Even more important than his physical recovery was the return of Handel’s mental faculties. As we shall see, his creative power welled up with undiminished force. The equation between the inward state of an artist of Handel’s magnitude and its outward expression is, of course, difficult to establish. There were not a few who believed that the composer of Arminio, Giustino, and Berenice, all failures, had shot his bolt; they noticed that the “Paraletick Stroke” had induced depression, apathy, and “the most violent deviations from reason.” These facts were known not only in England but in most centres of music on the Continent. The Crown Prince of Prussia, the future Frederick the Great, who was a cousin of Anne, Princess of Orange and Handel’s pupil and ardent friend, did not share the former English princess’s enthusiasm for Handel. Writing to her husband in October 1737, he expressed his conviction that “Handel’s great days are over, his inspiration is exhausted, and his taste behind the fashion.”

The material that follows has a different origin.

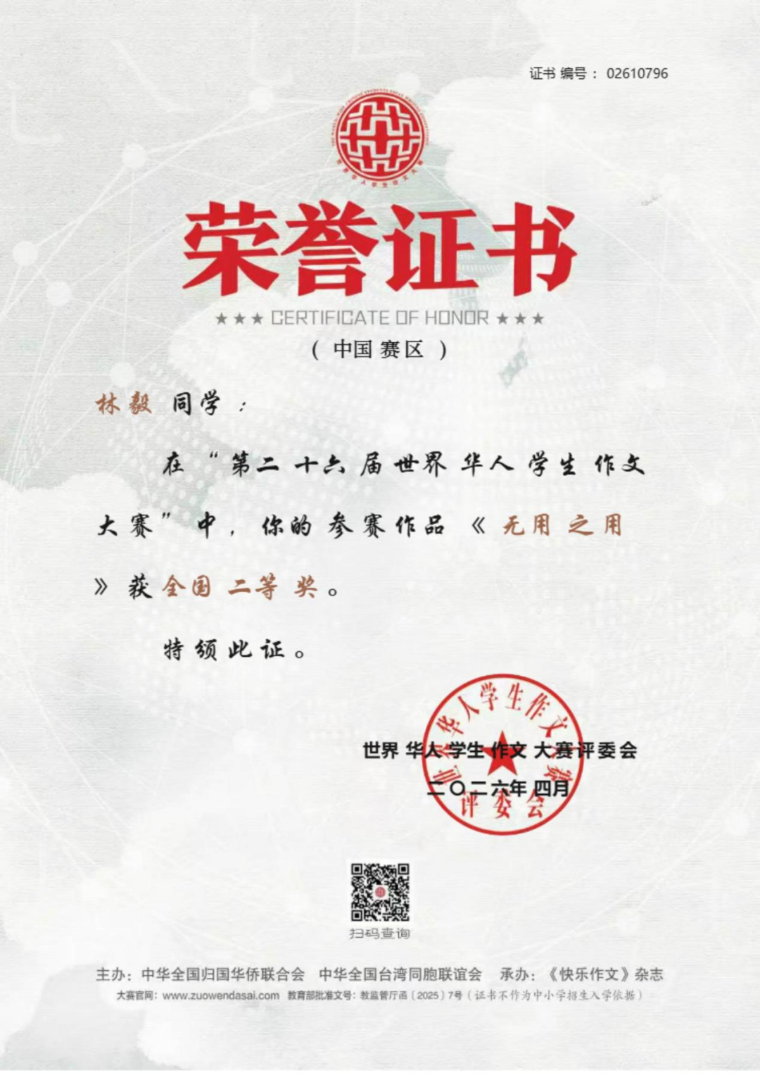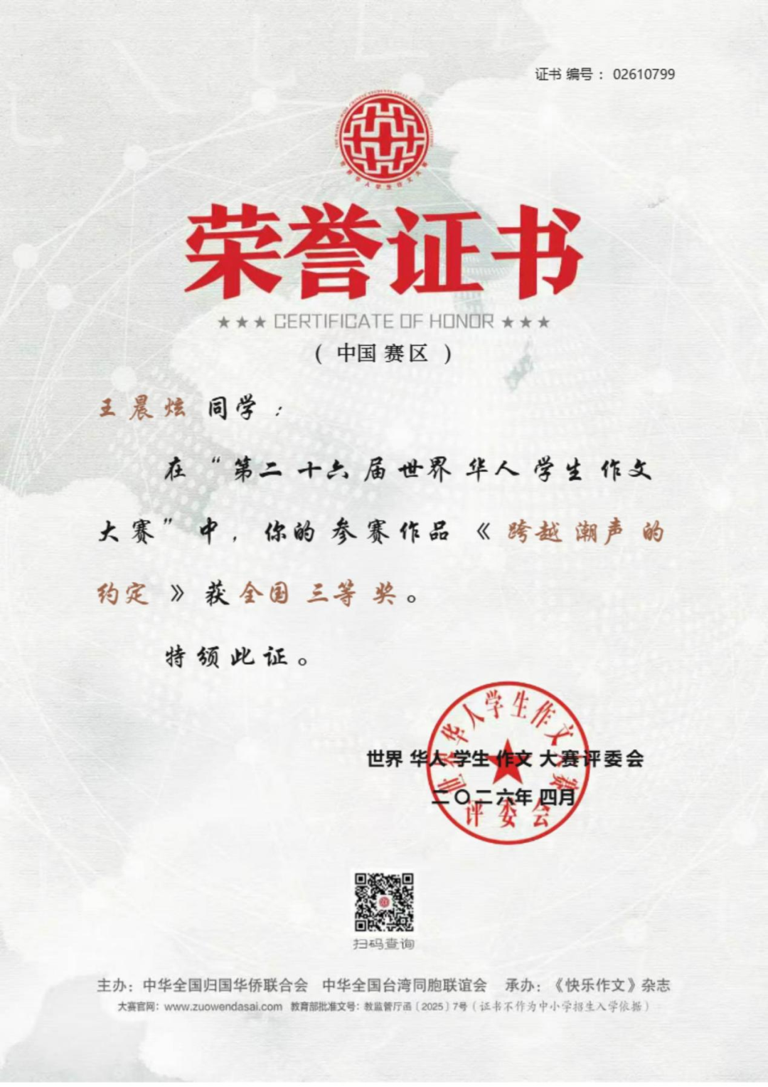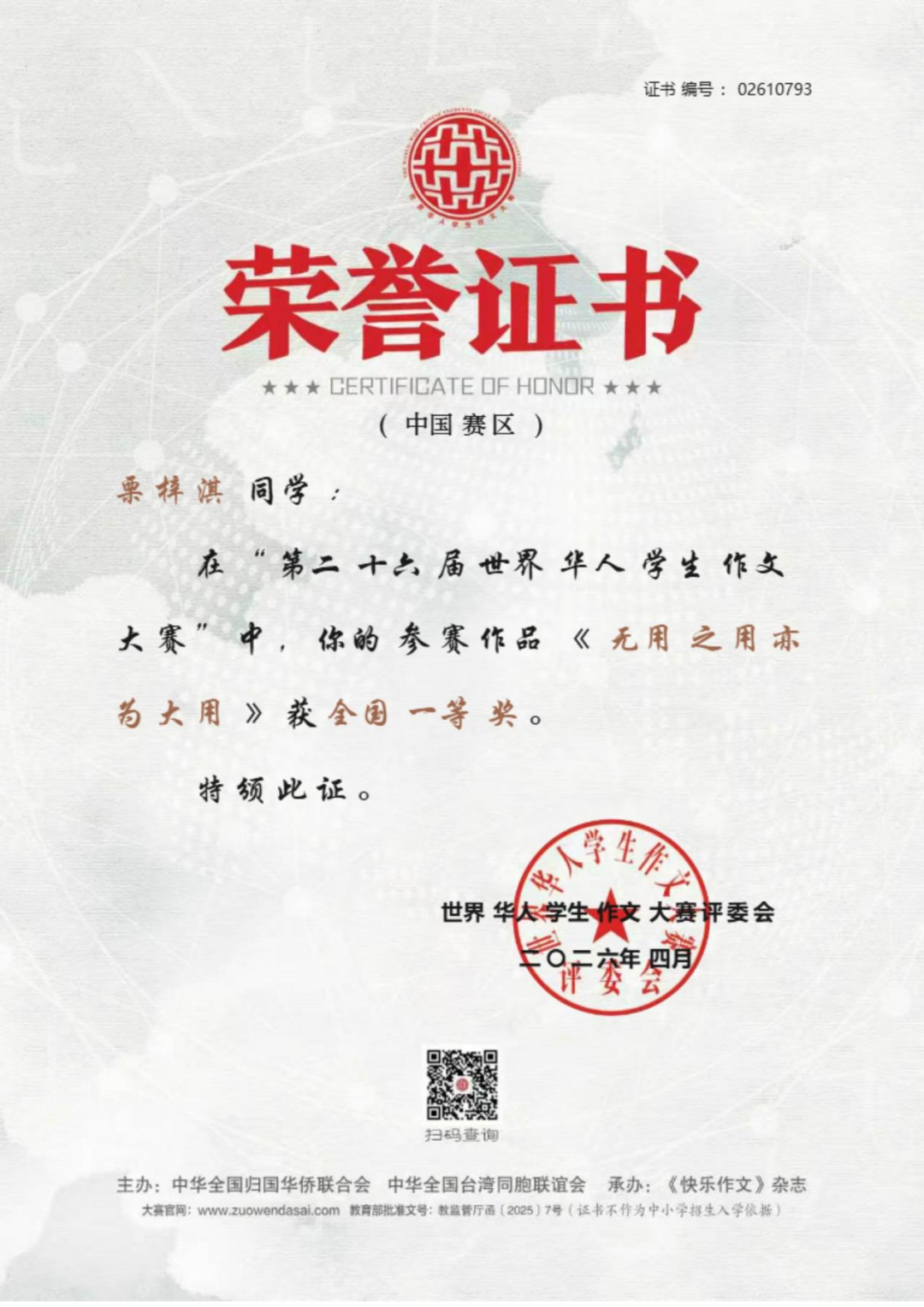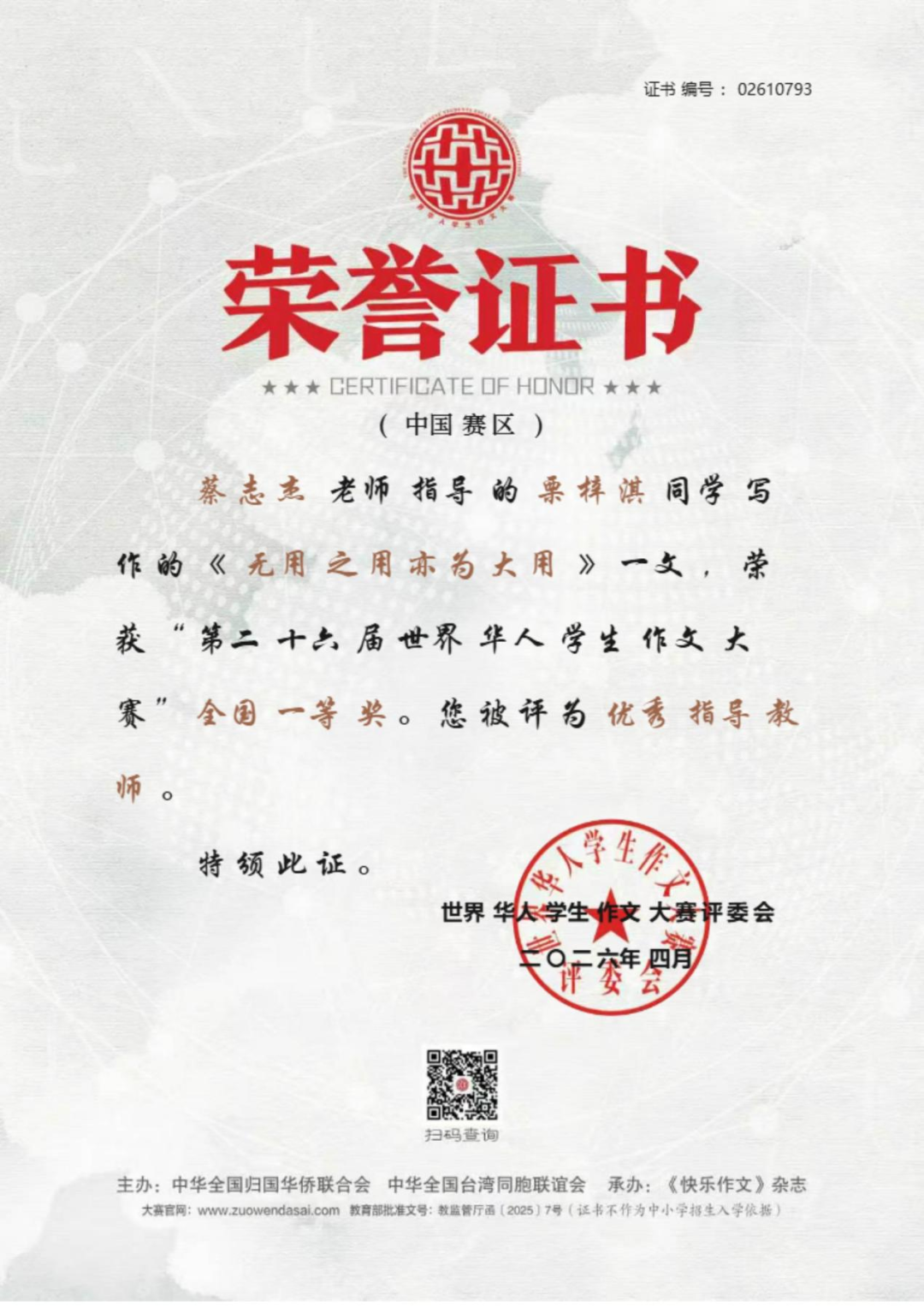 近日,上海外国语大学三亚附属中学捷报频传,学子在国家级文学赛事、全国体育竞技赛事、全国地球科学奥赛及市级艺术展演中接连斩获重磅殊荣,于笔墨书香中绽放人文光彩,在竞技赛场彰显少年锋芒,以卓越的综合素养交出亮眼青春答卷,充分彰显了学校“培养外语见长、文理并举、五育兼备、创新型、复合型、 高素质的国际型预备英才”的育人理念与丰硕的办学成果。 笔底藏山河,青春著华章。在刚刚公布评选结果的第二十六届世界华人学生作文大赛(教育部白名单赛事)中,我校学子不负众望、再创佳绩,共有 7 名学生斩获国家级奖项。其中,高二 (2) 班沈浩年、高二 (7) 班栗梓淇荣获国家级一等奖;高二 (2) 班木子、林毅荣获国家级二等奖;高三 (2) 班王晨炫、高二 (2) 班高凡、高二 (7) 班林珍妮荣获国家级三等奖。赵韵如、蔡志杰、李佑红老师荣获本次大赛优秀指导老师奖。 我校学子获奖证书 上下滑动查看更多图片 优秀指导老师获奖证书 上下滑动查看更多图片 世界华人学生作文大赛作为教育部认可的全国性权威赛事,为广大青少年搭建了展现文学素养、抒发青春心声、表达思想深度的广阔平台。我校学子在赛事中脱颖而出、斩获多项殊荣,既展现了学生们出众的文字功底、丰厚的人文积淀与开阔的视野格局,也凝结着我校语文组全体教师深耕课堂教学、潜心育人育才的辛勤付出,更是学校长期重视学生核心素养培育、厚植校园人文底蕴的生动成果体现! 碧波逐风浪,少年勇争锋。在 2026 年全国蹼泳 U 系列比赛中,我校初三 1 班李睿轩同学代表三亚市出征赛事。赛场上,他凭借日复一日打磨的扎实专业功底、稳定出色的临场发挥与奋勇争先的竞技状态,力克群雄、脱颖而出,一举包揽 U17 组 50 米双蹼、100 米双蹼、200 米双蹼三个项目的全国冠军,以绝对实力登顶赛事最高领奖台。 赛场上每一次有力的划水,都凝聚着李睿轩同学常年挥洒的汗水与不舍昼夜的坚持;领奖台上的荣耀时刻,更见证着他以无畏毅力挑战自我、突破极限的体育精神。这份亮眼的成绩,既是李睿轩同学个人拼搏奋斗的青春勋章,也是我校高度重视学生身心健康与体育特长发展,持续推进校园体育工作提质增效的有力印证。 地载山河探奥秘,格物致知求真知。在刚结束的 2025—2026 年度全国中学生地球科学奥林匹克竞赛预赛(教育部白名单赛事)中,我校地理组师生奋勇拼搏,再创佳绩,获奖数量与质量均位居全省前列! 本次竞赛我校共 24 人次获奖,其中一等奖 8 人次(全省仅 20 人),二等奖 10 人次(全省仅 50 人),三等奖 6 人次(全省共 93 人),获奖占比远超全省平均水平,展现了我校强劲的拔尖人才培养实力。其中,高三(2)班邱彦博同学表现尤为突出,以全省第一名的绝对优势成功晋级全国决赛,成为全省仅有的 2 位入围国赛选手之一。魏春松、刘溪、方燕妹老师荣获本次竞赛优秀指导教师奖。 获奖名单 全国中学生地球科学奥林匹克竞赛是国内地球科学领域级别最高、影响力最广的中学生学科竞赛,旨在激发青少年对地球科学的兴趣,选拔和培养地球科学后备人才,推动中学地球科学教育改革与发展。我校学子在赛事中斩获佳绩,既彰显了学生们扎实的学科功底、严谨的科学思维与探索未知的科学精神,也凝结着地理组全体教师深耕学科教学、精准培优的心血与汗水,更是学校重视拔尖创新人才培养的生动体现! “绳”彩竞飞扬,赛事刷新绩。2026 年三亚市中小学生 “青鹿” 体育节暨第五届中小学生跳绳比赛圆满落幕,我校跳绳健儿奋勇拼搏,斩获中学组团体积分第二名。本次赛事中,我校共摘得个人奖项 15 项,其中冠军 2 项、亚军 4 项、季军 2 项;三项团体项目全部获奖,拿下 1 项亚军、1 项季军,书写了学校跳绳项目的新辉煌。 获奖学子风采展示 上下滑动查看更多图片 赛事不仅锤炼了学子的体魄与意志,更凝聚了团队力量,让 “更高、更快、更强、更团结” 的体育精神深植学子心间。 墨香润童心,展演获殊荣。在刚刚结束的三亚市 “青鹿杯” 艺术展演决赛中,我校三位学子从初赛中脱颖而出,在决赛中取得优异成绩:初一( 7) 班郑雅晴荣获初中组软笔书法一等奖,初一 (1) 班王贺荣获初中组硬笔书法二等奖,高一 (2) 班彭梦博荣获高中组软笔书法二等奖,充分展现了我校学子的艺术素养与审美能力。 上下滑动查看更多获奖作品 多项荣誉的接连斩获,是我校始终坚守立德树人根本任务,深入落实 “五育并举” 教育方针、践行“外语见长、文理并举”育人理念的生动体现。在此,学校向所有获奖学子致以最热烈的祝贺,向悉心指导的语文组、地理组、体育组、艺术组全体教师,以及长期支持学校教育工作的各位家长致以最诚挚的感谢。 少年负壮气,奋烈自有时。愿全体获奖学子珍惜荣誉、乘势而上,在各自热爱的领域再接再厉、勇毅前行;也愿全体上外三亚附中学子以榜样为力量,心怀热爱、笃行不怠,成长为德智体美劳全面发展的新时代优秀青少年! 撰稿:朱伟华、欧阳磊、徐盈、朱暖娥 编辑:石雅娴 编审:苏靖雯 审校:陈太涯

Returned to London in November 1737, Handel found a city empty of opera—and of competition;
the Opera of the Nobility was bankrupt, Porpora and the great singers had gone back to Italy. Recent estimates show that Handel was not plunged into bankruptcy as has been supposed, but the situation was bad enough. He was in debt, with virtually nothing but his royal annuities to keep him afloat. That his finances were in a bad state is proved by the absence of dealings with the Bank of England during 1737-38. But Heidegger was still in business, once more a lessee of the Haymarket Theatre, where he opened the season with a pasticcio, Arsace, just about when Handel returned from Aachen. The two old campaigners came to an understanding, and soon we see Handel hard at work composing an opera, Faramondo. That Heidegger was still willing to experiment with Handelian opera is truly remarkable in view of his past experiences. Faramondo was hardly begun when on November 20 Queen Caroline died and all places of entertainment were closed for a period of mourning. Handel dropped the opera, and by December 12 finished the great Funeral Anthem for the Queen’s obsequies, which took place in Westminster Abbey on the seventeenth. All newspapers praised the “fine Anthem of Mr. Handel’s,” and the performance, which is reported to have employed some 150 to 180 singers and instrumentalists, must have been impressive. In the words of the Bishop of Colchester, it was “reckoned to be as good a piece as he ever made,” a feeling shared by many a modern critic. If there were any misgivings about the aftermath of Handel’s illness, the Funeral Anthem (see p. 226 f.) should have dispelled them, for it showed Handel’s creative faculties not only unimpaired but rising to the summit. Nor was the tempo of his productivity slowed: Faramondo was finished on December 24, and two days later Handel began work on Serse.